Is this pool failure mode (following a temporary resolved issue without disk damage) possible?

Stilez · Jan 24, 2018

There's a thread a while back, which asks about what happens if something temporarily renders multiple HDDs in a pool, unavailable (but undamaged). Examples might be, a non-redundant HBA/backplane failure, some kind of federated or linked enclosures/pods/backends get their cable pulled, some drives are on a 2nd PSU (non shared rails) which dies, and so on.

According to the replies, it's not a problem, there's a difference between disk unavailability and disk failure, and if disks become unavailable in a way that the pool no longer has one accessible copy of all data, but the data is intact, then the pool will recover when the disks become readable again (after HBA replacement/repair/reconnection). So far so good.
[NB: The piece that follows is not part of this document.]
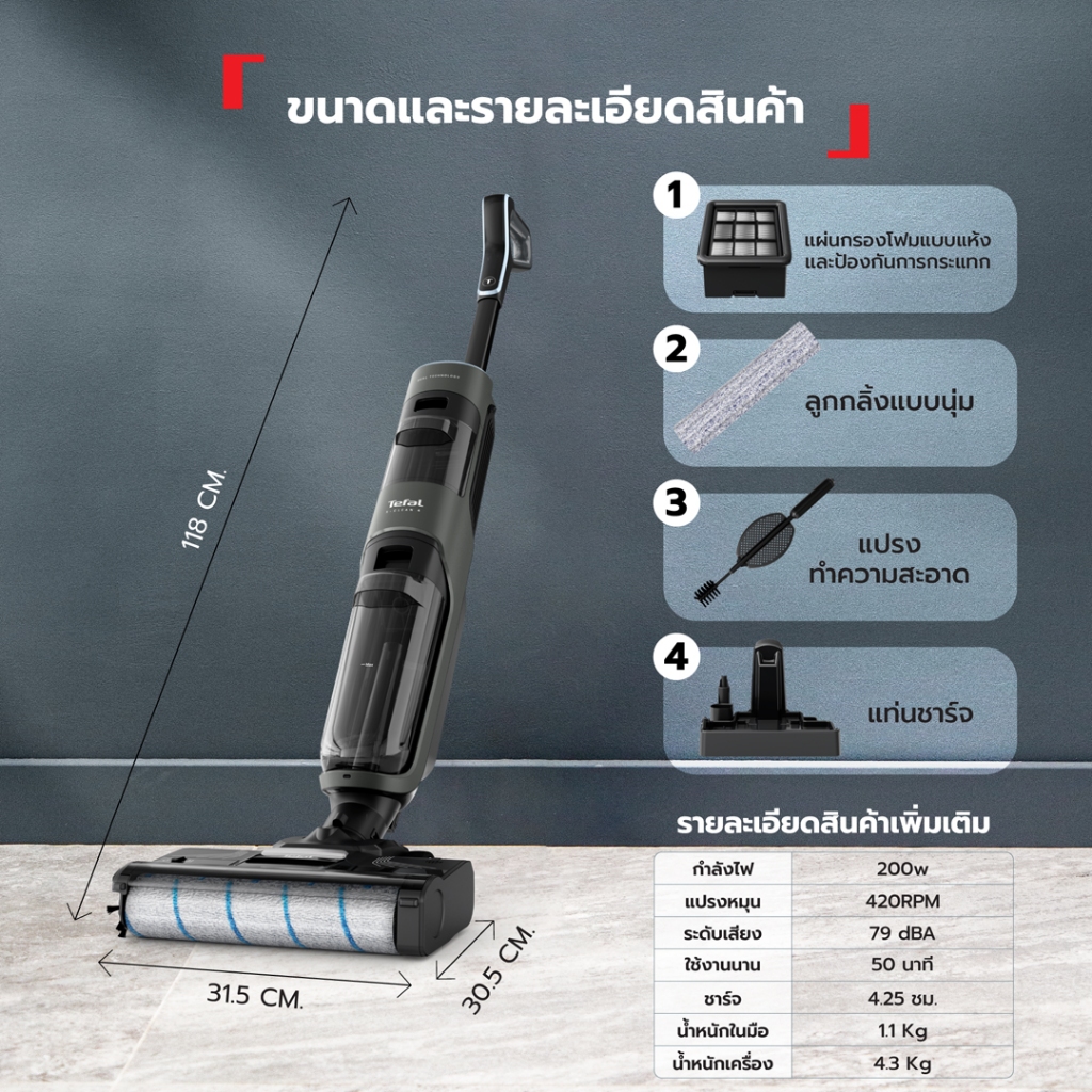 Tefal เครื่องดูดฝุ่น และถูพื้นแบบไร้สาย X-CLEAN 4 GF5035 รุ่น GF5035F0

My question looks at that a bit more closely: is there theoretically a different failure mode that can follow from that scenario (HBA loss for example), whereby a pool with mirrored vdevs continues in a degraded state, but the connected and disconnected drives' desyncing would cause loss of the entire pool?

Scenario:

Suppose the pool is made of drive 1a/b/c, 2a/b/c and 3a/b/c (123=vdevs and abc=mirrored HDDs).
An HBA, or a port on an HBA, becomes faulty and takes 1b/c and 3a offline (but unharmed).
(Alternatively, to show it doesn't have to be just HBAs, suppose the PSU is an ordinary, good quality, multiple rail design and one rail stays tripped due to a fault, taking some HDDs offline but not the baseboard and other HDDs)
If at this point the pool halts, no harm is done. That's the scenario in the other thread, but it doesn't always happen. With enough redundancy, each vdev survives, so the pool is only degraded not halted. Ther sysadmin isn't on site, or only gets the email later on. As a result, usual file activities continue without any sign of any issue given to client users of the NAS, until, under the stress, suppose 1a dies a while later and only then does pool activity halt.

Result:

When the HBA is fixed and the disks become accessible again, and the NAS reboots, the pool will be massively desynced. (It wouldn't take much activity between steps 2 and 3 above, to do that). vdev1 (1b/c) will contain what it held before the 2nd PSU failure; vdev2 (2a/b/c) will contain only current latest data from when 1a failed, and vdev3 will have 1 drive (3a) in one state and 2 drives (3b/c) in the other. The ZIL is not in a helpful state to identify what's changed, because TXGs going back to the original HBA failure aren't on it any more - they were ditched long ago as the ZIL rolled around.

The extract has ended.